On Tue, Feb 28, 2017 at 6:47 PM Pieter Callewaert <
pieter.callewaert at be-mobile.com> wrote:

> Hi,
>
>
>
> We are trying to add mapcache to our stack, because in the last years the
> number of requests on our mapservers kept increasing, and we are looking
> for smarter ways to scale.
>
> We have a test setup, and on low load everything works perfectly. An ab
> benchmark on a single requests has also no problem.
>
> However, when we try to replay some production data on the mapcache
> server, with 500 concurrent users,  we see the following errors in apache
> error log:
>
>
>
> [Tue Feb 28 12:50:33.789479 2017] [core:notice] [pid 13:tid
> 140568766519168] AH00051: child pid 793 exit signal Segmentation fault
> (11), possible coredump in /etc/apache2
>
> [Tue Feb 28 12:50:34.791605 2017] [core:notice] [pid 13:tid
> 140568766519168] AH00051: child pid 1384 exit signal Segmentation fault
> (11), possible coredump in /etc/apache2
>
> [Tue Feb 28 12:50:35.792510 2017] [core:notice] [pid 13:tid
> 140568766519168] AH00051: child pid 1346 exit signal Segmentation fault
> (11), possible coredump in /etc/apache2
>
> [Tue Feb 28 12:50:38.795504 2017] [core:notice] [pid 13:tid
> 140568766519168] AH00051: child pid 1338 exit signal Segmentation fault
> (11), possible coredump in /etc/apache2
>
>
>
> And also:
>
> [Tue Feb 28 12:54:49.804880 2017] [:error] [pid 8256:tid 140568096990976]
> [client xxx.xxx.xxx.xxx:59612] deleting a possibly stale lock after waiting
> on it for 30.034 seconds
>
> [Tue Feb 28 12:54:49.815800 2017] [:error] [pid 796:tid 140568273237760]
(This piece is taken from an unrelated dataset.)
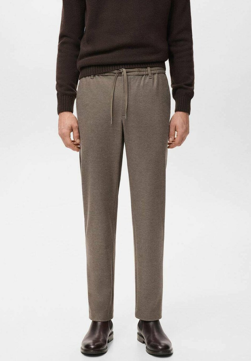 Pantalon marron clair, fuselé, avec une taille élastique et un cordon de serrage. Confectionné dans un tissu doux et texturé, associé à des bottes marron foncé.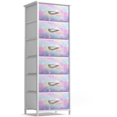 Keep your household clutter neatly tucked away in the Portable & Dresser for Clothes and more. The lightweight design allows for effortless transport and reorganization. This chest of drawers features removable fabric drawer shelves that are great for storing clothing, toys, & accessories.

> [client xxx.xxx.xxx.xxx:59631] deleting a possibly stale lock after waiting
> on it for 30.037 seconds
>
> [Tue Feb 28 12:54:50.052952 2017] [:error] [pid 9502:tid 140568449484544]
> [client xxx.xxx.xxx.xxx:59900] deleting a possibly stale lock after waiting
> on it for 30.064 seconds
>
> [Tue Feb 28 12:54:50.062164 2017] [:error] [pid 1364:tid 140568264845056]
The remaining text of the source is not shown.